##### SUPPLIED INFORMATION

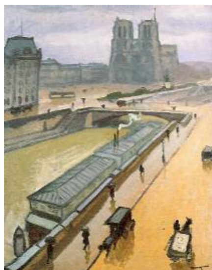
نهبيرت ماركيه، نه پوژيكي باراني پاريس، ۱۹۱۰ رۇني نەسەر كاتشاس، ۹۰×۱۰۶ سم
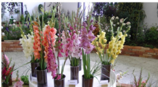
Z výstavy Flora Olomouc 2012
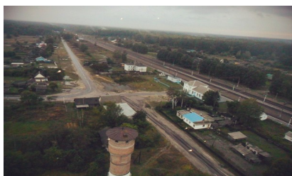
Фото: Вид п. Холмечи с высоты 50 м.

##########

TASK REQUIREMENTS:
Keep every word of the material exactly as given. Drop the pictures.

TASK ANSWER:
نهبيرت ماركيه، نه پوژيكي باراني پاريس، ۱۹۱۰ رۇني نەسەر كاتشاس، ۹۰×۱۰۶ سم
Z výstavy Flora Olomouc 2012
Фото: Вид п. Холмечи с высоты 50 м.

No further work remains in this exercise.